Sally Bethea served as Chattahoochee Riverkeeper from the group's founding in 1994 until she retired in 2014. (Courtesy of Sally Bethea)

The Chattahoochee is a hard-working river. It provides the bulk of Atlanta’s water supply. It’s used for industry and for recreation. It’s a home for wildlife.

The river is by no means pristine — part of the Chattahoochee has been closed to recreation for weeks because of pollution from a Fulton County sewage treatment plant.

But the Chattahoochee is in much better shape than it was 30 years ago. Back then, it was, as Sally Bethea describes it, “Nasty. It was just plain nasty. It was shameful. And it was disgusting.”



Bethea was the first Chattahoochee Riverkeeper when the organization was founded in 1994.

She has a new memoir reflecting on moments from her career as an advocate for the river.

Keeping the Chattahoochee” is available now.

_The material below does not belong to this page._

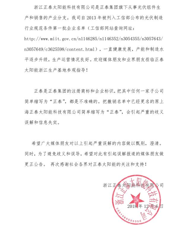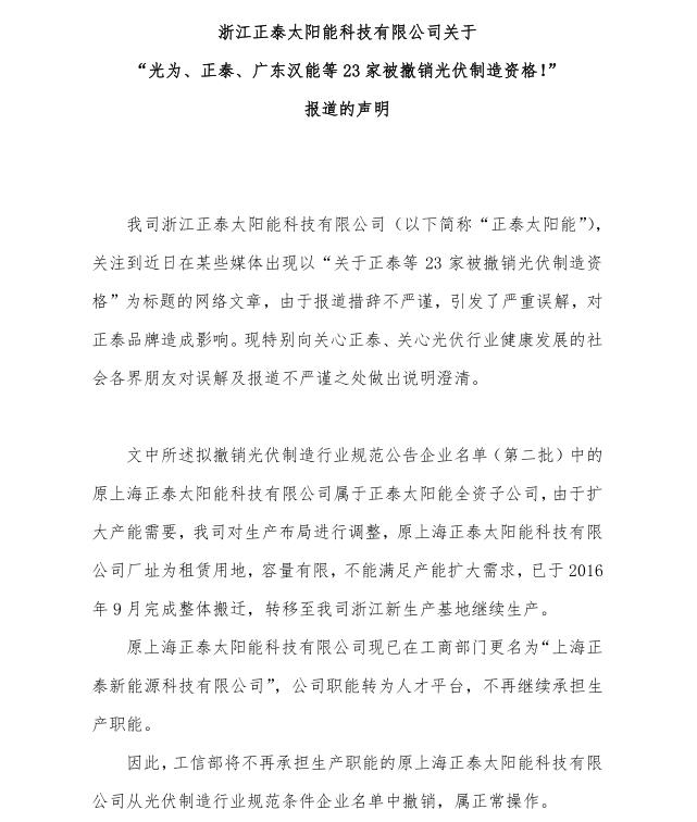 我司浙江正泰太阳能科技有限公司(以下简称“正泰太阳能”),关注到近日在某些媒体出现以“关于正泰等23家被撤销光伏制造资格”为标题的网络文章,由于报道措辞不严谨,引发了严重误解,对正泰品牌造成影响。现特别向关心正泰、关心光伏行业健康发展的社会各界朋友对误解及报道不严谨之处做出说明澄清。

Each chapter opens with a walk in the Chattahoochee River National Recreation Area — Bethea made a habit of visiting the same spot in the East Palisades unit of the park near where a creek flows into the Chattahoochee.

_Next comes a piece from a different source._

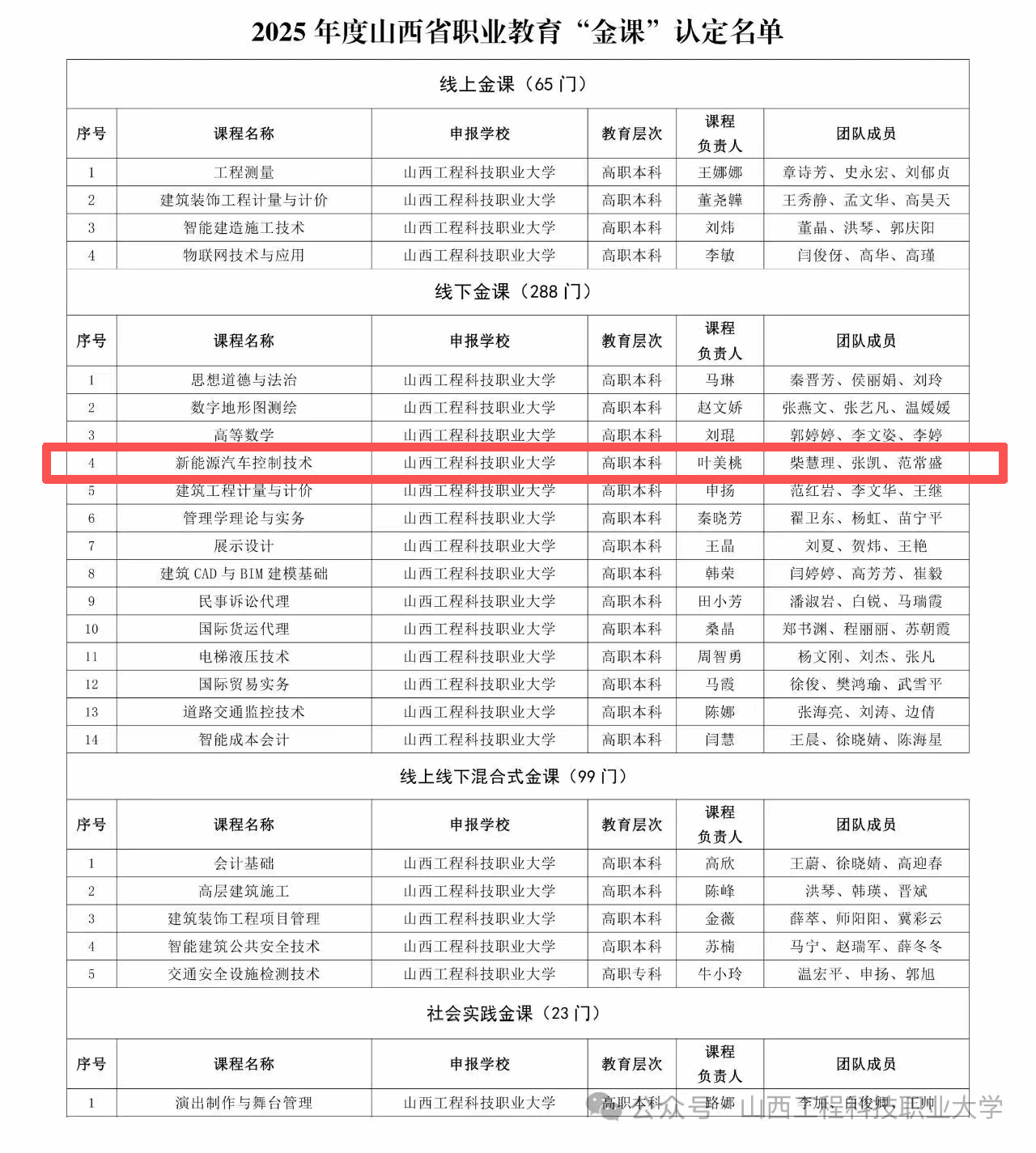 近日,省教育厅发布了《山西省教育厅关于公布2025年山西省职业教育“金课”名单的通知》,我院<新能源汽车控制技术>课程成功获评省级职教“金课”。

“You have to unlearn hurrying, and you have to just slow down and look, and when you do it, every week or so, you really see the subtle changes,” she says. She notes the creatures in the creek, the ephemeral spring wildflowers and the lives of the trees.

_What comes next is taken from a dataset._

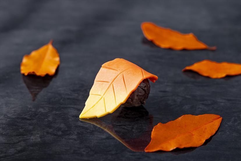 落ち葉に見立てたチョコで包んだトリュフフレーバーのボンボンショコラ。

Bethea retired from Chattahoochee Riverkeeper in 2014 after 20 years as the head of the environmental group. She says when the group started, the river downstream of Atlanta was flooded with sewage every time it rained — and sometimes even when it hadn’t.

“The thing that was amazing was that everybody in government and policymakers knew about it,” she says. “They knew the river was a public health threat, diminished, certainly, property values of the river along there, was harmful to the species in the river and you couldn’t recreate on it. But they didn’t do anything about it.”

In her memoir, Bethea writes about suing the city of Atlanta to force it to fix its sewer infrastructure. She also talks about a lot of other ways her group works to protect the river — conversations with private property owners, boat trips with politicians and journalists — efforts that, piece by piece, add up.

“The bottom line is persistence, resourcefulness, creativity, find a way to connect with the person or group of people who you are trying to convince of something,” she says. “And sometimes it might take a mallet like it did with Atlanta. And sometimes it may just take simply explaining something in a way that people understand. It takes years. I think sometimes young people don’t realize that it can take years to get these things done. So stay with it.”

Next year will be the 30th anniversary of the founding of Chattahoochee Riverkeeper. Bethea says looking ahead to the next 30 years, she’s most concerned about climate change.

“With more intense storms already coming, with the heat, we’re going to see changes in the watershed and we’ve got to be ready for that,” she says. “Our infrastructure that takes away our waste and provides drinking water was engineered and established for a different kind of time. We need to think about these things, and we need to be smart now, not later.”